▶ **YOUR GOAL**
The copy you give must match the listing below exactly and contain no pictures.

▶ **DATA EXCERPT**
····················

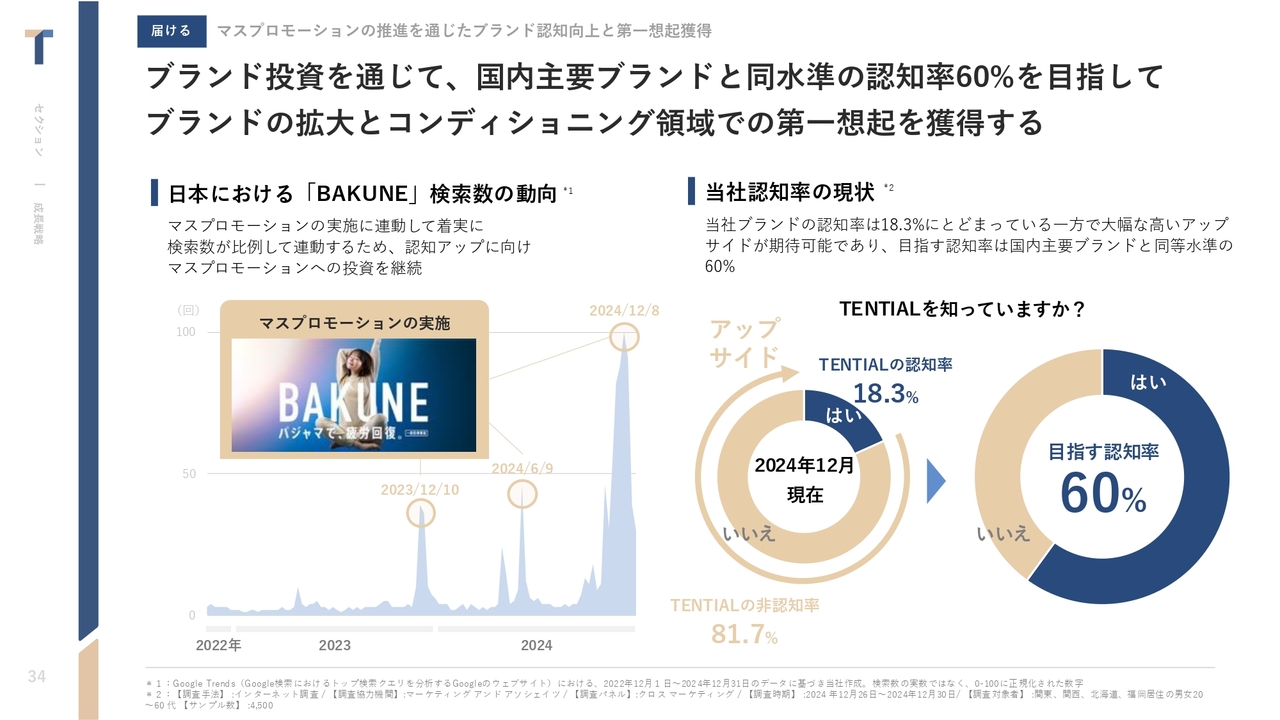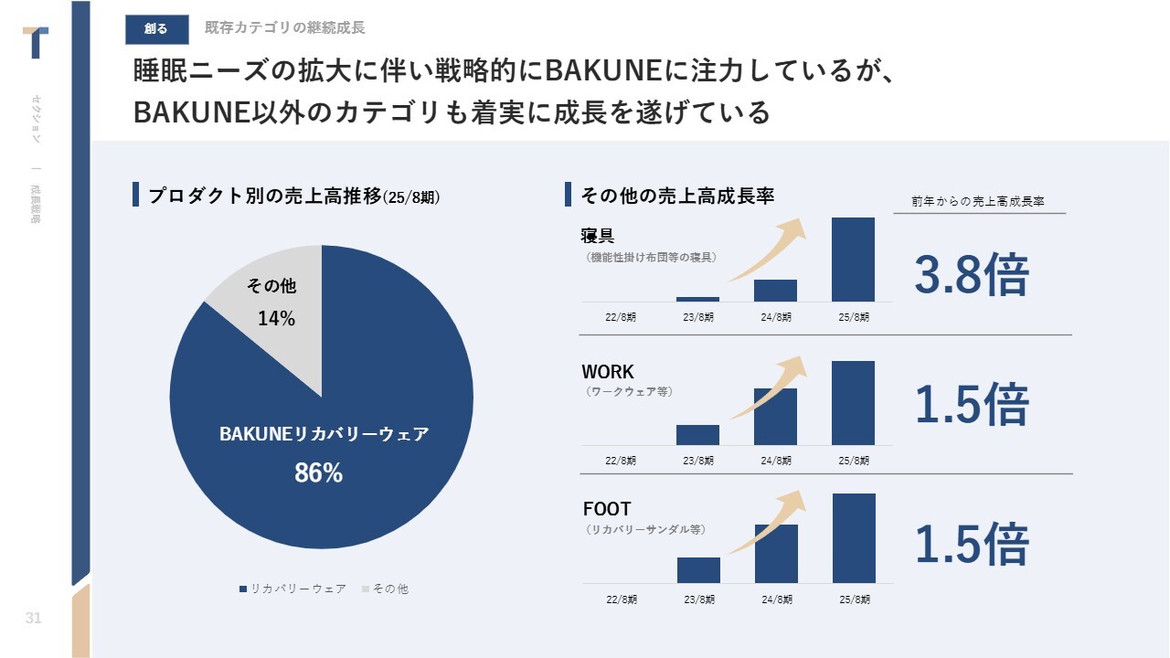 昨今、リカバリーウェアはメディアを含めて認知が広がっているため、認知率はもう少し高まっている可能性がありますが、成長のアップサイドはまだあると捉えています。まずは、「BAKUNE」の市場シェアNo.1をより強固なものにしていきます。
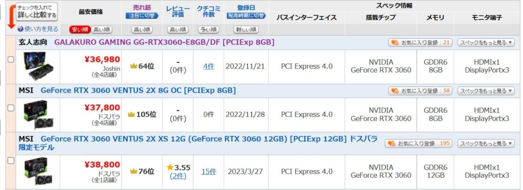 AMDのRadeon RX 6600 XTについては過去最安値は3.4万円でしたが、直近では3.2万円にまで値下がりしています。また、取り扱われているモデルも減少傾向に転じています。
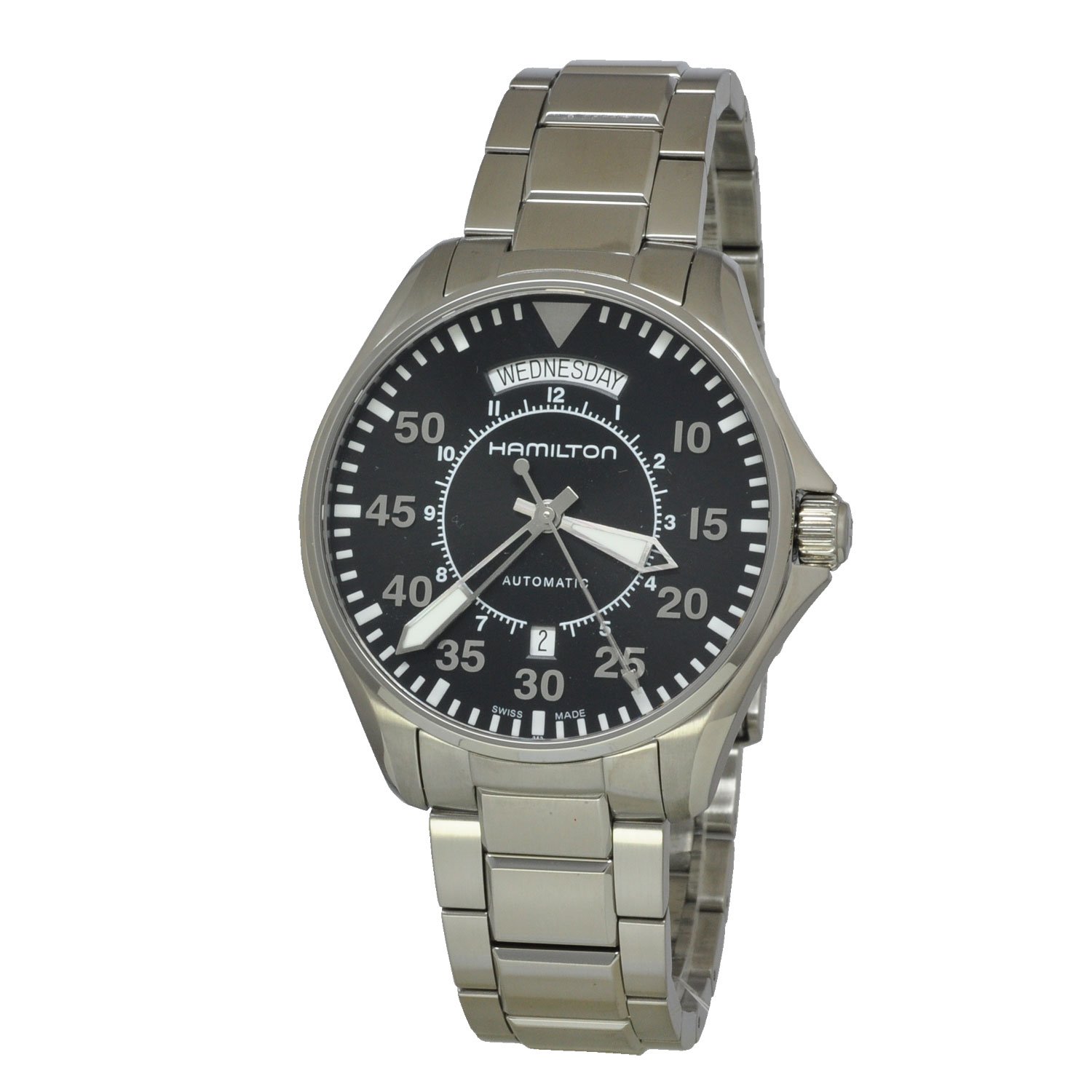Hamilton Khaki Pilot Day Date Auto Black Dial Brown Leather H64605531 First Class Watches

····················

▶ **OUTPUT OF THE TASK**
 昨今、リカバリーウェアはメディアを含めて認知が広がっているため、認知率はもう少し高まっている可能性がありますが、成長のアップサイドはまだあると捉えています。まずは、「BAKUNE」の市場シェアNo.1をより強固なものにしていきます。
 AMDのRadeon RX 6600 XTについては過去最安値は3.4万円でしたが、直近では3.2万円にまで値下がりしています。また、取り扱われているモデルも減少傾向に転じています。
Hamilton Khaki Pilot Day Date Auto Black Dial Brown Leather H64605531 First Class Watches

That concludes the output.